** LISTED ENTRIES follows **

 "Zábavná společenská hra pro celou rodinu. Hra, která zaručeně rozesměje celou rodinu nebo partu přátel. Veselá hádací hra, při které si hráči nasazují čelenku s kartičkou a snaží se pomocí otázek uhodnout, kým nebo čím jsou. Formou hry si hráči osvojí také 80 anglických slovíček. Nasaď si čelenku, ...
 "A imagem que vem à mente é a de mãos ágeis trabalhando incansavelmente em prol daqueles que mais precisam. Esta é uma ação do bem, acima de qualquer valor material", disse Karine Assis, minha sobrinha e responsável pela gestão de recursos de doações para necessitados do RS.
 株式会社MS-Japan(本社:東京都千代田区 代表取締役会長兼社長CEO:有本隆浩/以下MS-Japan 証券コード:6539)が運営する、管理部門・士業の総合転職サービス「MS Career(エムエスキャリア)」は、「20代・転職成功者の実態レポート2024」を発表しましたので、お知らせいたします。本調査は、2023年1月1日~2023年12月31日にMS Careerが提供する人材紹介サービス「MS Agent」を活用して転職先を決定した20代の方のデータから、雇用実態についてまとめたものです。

** End of LISTED ENTRIES **
** LISTED ENTRIES follows **

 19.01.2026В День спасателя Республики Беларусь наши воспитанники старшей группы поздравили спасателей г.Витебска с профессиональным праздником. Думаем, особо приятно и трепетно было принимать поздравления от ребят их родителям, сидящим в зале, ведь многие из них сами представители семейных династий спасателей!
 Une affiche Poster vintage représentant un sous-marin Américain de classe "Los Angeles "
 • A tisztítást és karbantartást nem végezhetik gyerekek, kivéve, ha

** End of LISTED ENTRIES **
** LISTED ENTRIES follows **

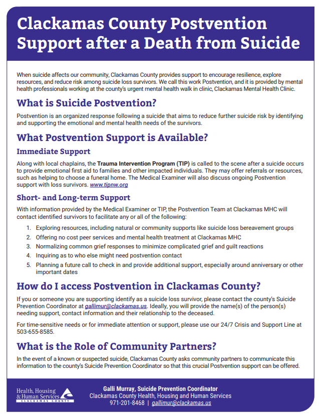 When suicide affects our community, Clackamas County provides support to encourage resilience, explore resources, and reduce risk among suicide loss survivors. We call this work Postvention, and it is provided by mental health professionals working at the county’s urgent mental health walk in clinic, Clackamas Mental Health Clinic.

** End of LISTED ENTRIES **

> TASK BRIEF: From the records above, repeat exactly the lines from the one with "Une affiche Poster" through the one with "gyerekek, kivéve, ha", both included.

> FINISHED TASK:
 Une affiche Poster vintage représentant un sous-marin Américain de classe "Los Angeles "
 • A tisztítást és karbantartást nem végezhetik gyerekek, kivéve, ha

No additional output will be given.